A fundamental principle of conflicts is that a forum state will always apply forum procedure, but it will choose the applicable substantive law according to its own conflict of law doctrines. Missouri follows the Restatement (Second) of Conflicts of Law in Contract Actions. Section 188 of the Restatement employs the most significant relationship test. That section identifies five potentially significant contacts to be considered in a contract case when determining which state has the most significant relationship to the transaction and parties. Those elements are: (1) the place of contracting, (2) the place of negotiation of the contract, (3) the place of performance, (4) the location of the subject matter of the contract, and (5) the domicile, residence, nationality, place of incorporation, and place of business of the parties. The principles of Section 6 of the Restatement must also be applied. They are: (1) the needs of the interstate and international systems, (2) the relevant policies of the forum, (3) the relevant policies of other interested states and the relative interests of those states in the determination of the particular issue, (4) the protection of justified expectations, (5) the basic policies underlying the particular field of law, (6) certainty, predictability and uniformity of result, and (7) ease in the determination and application of the law to be applied.

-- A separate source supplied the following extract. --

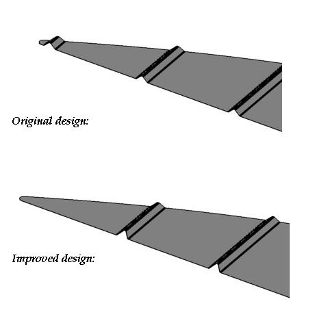 The process of forming that corrugation and then flattening it again work hardens the material, making it brittle and prone to cracking around the rivet. The precision hydraulic forming process allows the manufacturer to skip the final corrugation in the skin, leaving the problem tip unformed and ready to rivet. This is in contrast to Cessna's rotary forming process, which does not allow the option to skip a corrugation. |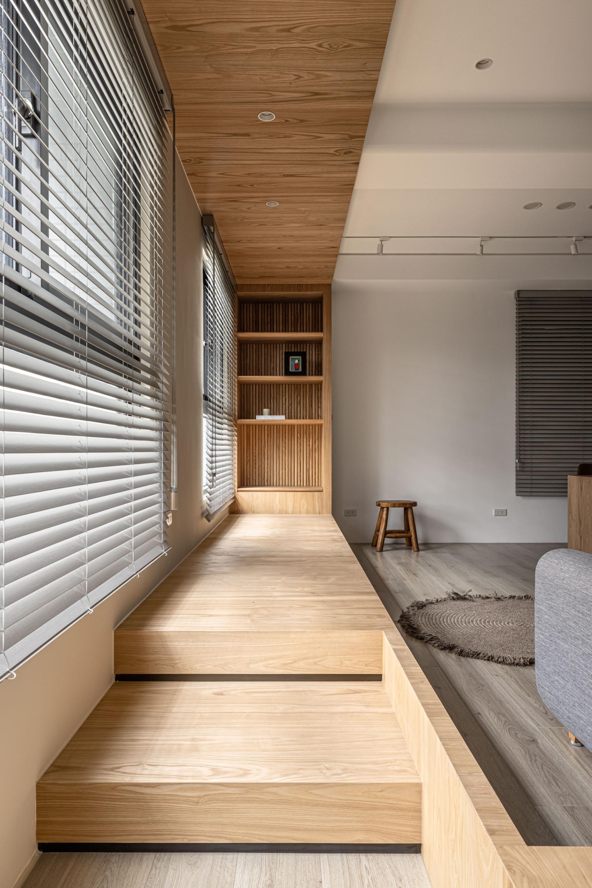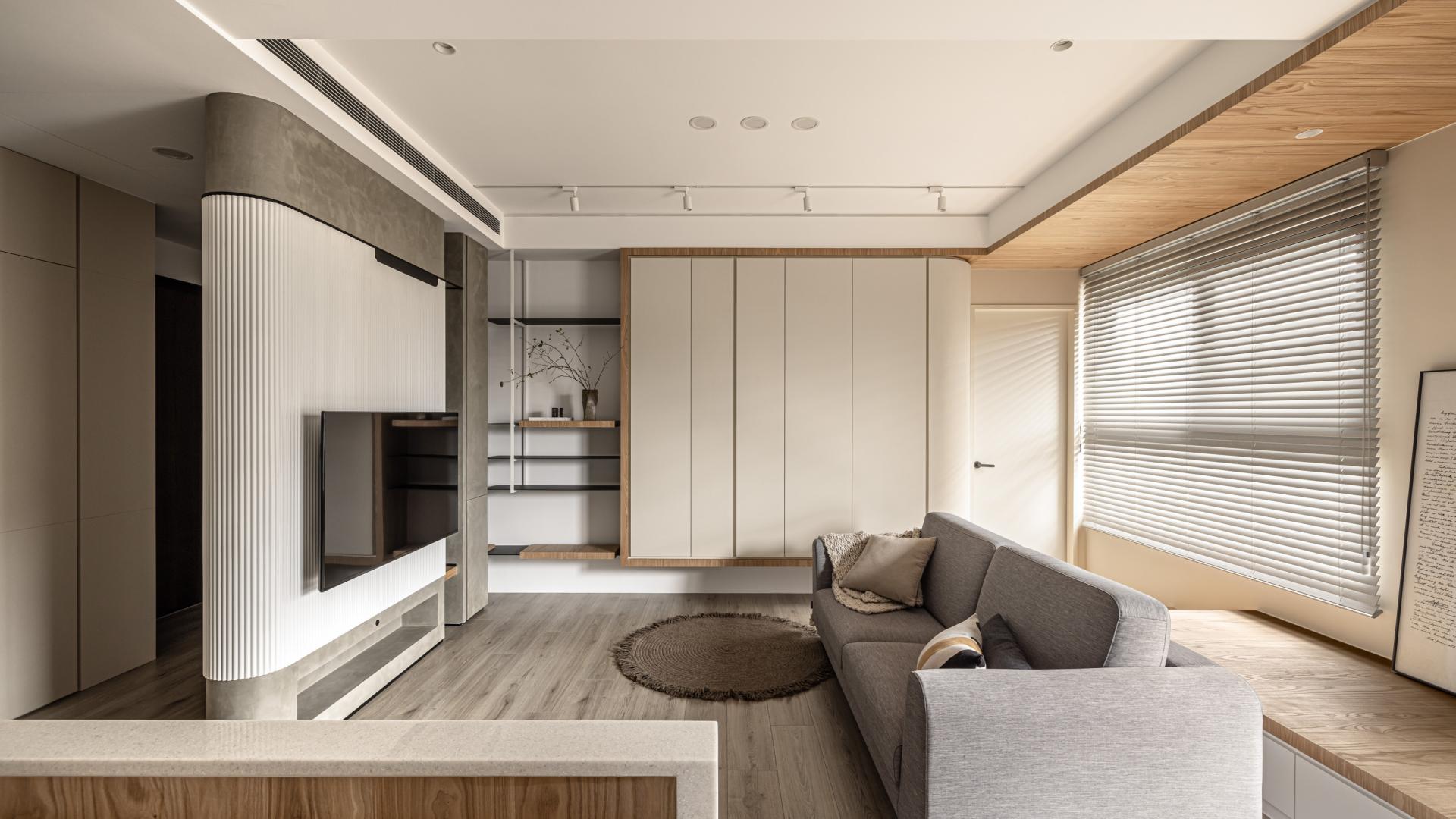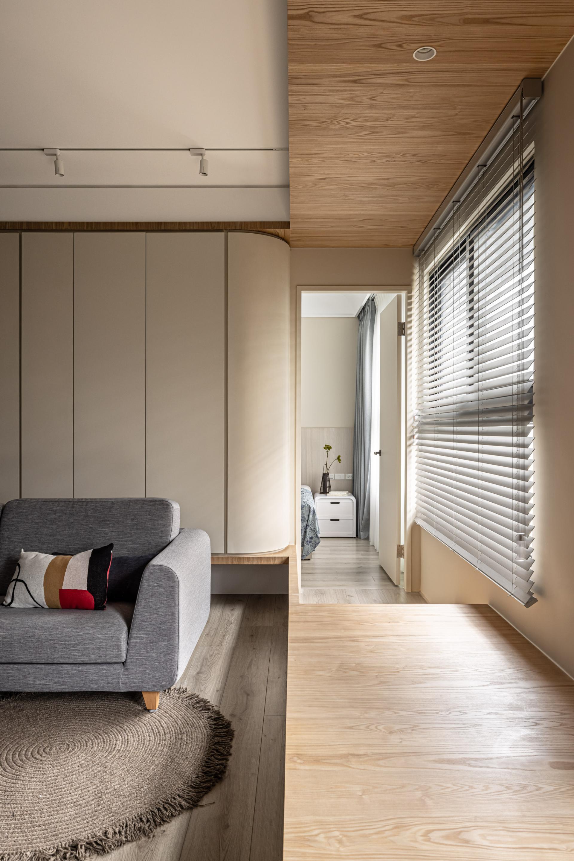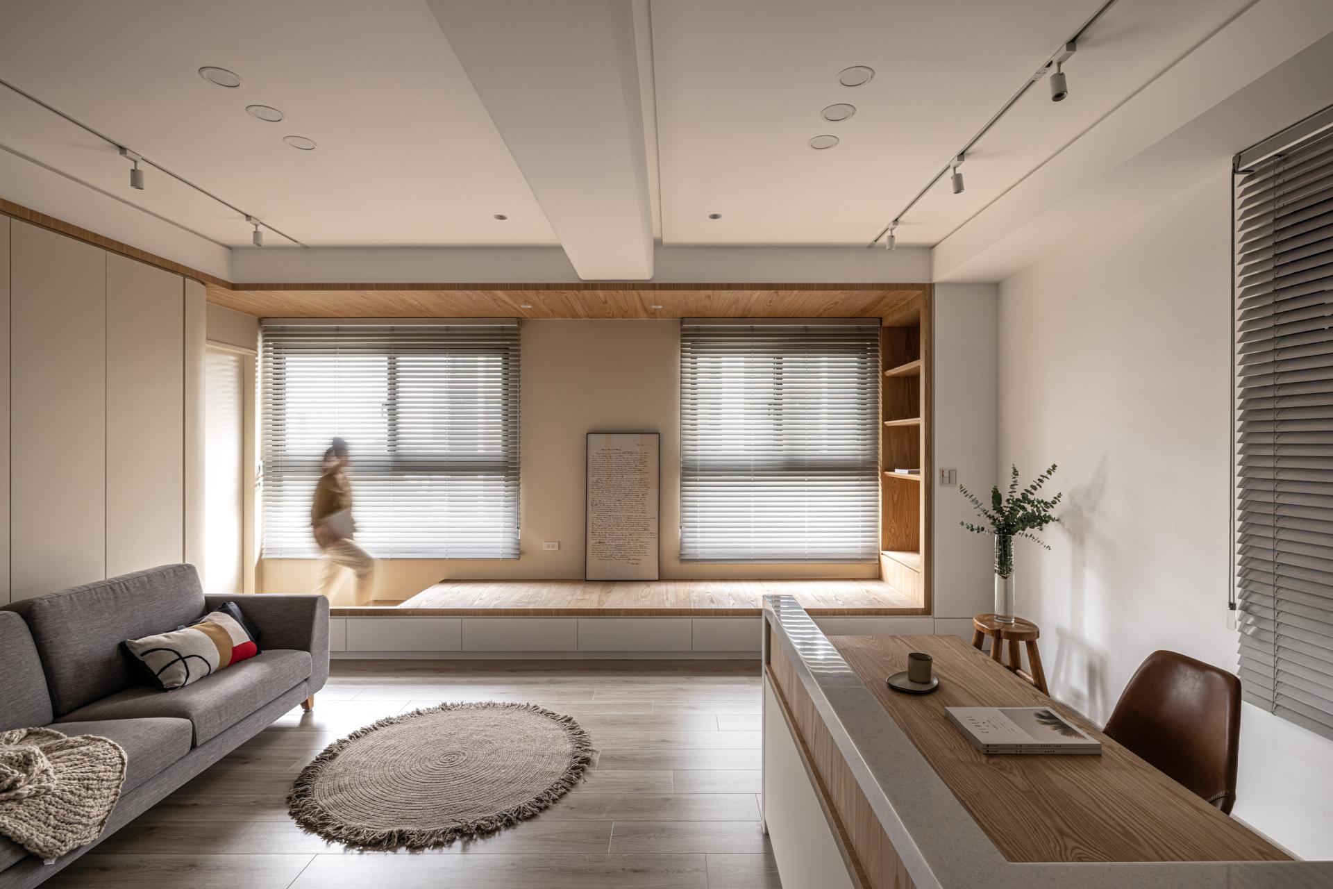 A T-shaped beam compresses the space and enhances visual comfort, guiding the focus to a scenic platform by the window. Two framed views are created by opening up the shared area, successfully resolving the single direction of the layout. The wall by the entrance is installed with the TV, then defines the foyer by extending through various living scenes. A raised platform near the window and bedroom door acts as an active circulation into the bedroom and a relaxation area, elongating the boundary between shared and private spaces, serving as a transition buffer in mental transition.

Applying these factors from the Restatement, Missouri has the most significant relationship to this transaction. Missouri is the state of incorporation of H & R Block, the location of the H & R Block headquarters, and the place of part performance under the contract. Additionally, application of the law of Missouri, as chosen by the parties to govern their franchise agreement, is consistent with the principle that the justified expectations of the parties be protected. Finally, the goals of predictability and uniformity will be met by applying Missouri law to the franchise agreements, no matter where the individual franchises are located. The contractual choice of law as agreed to by the parties in the franchise agreement is to be given effect, and Missouri law applies to this case.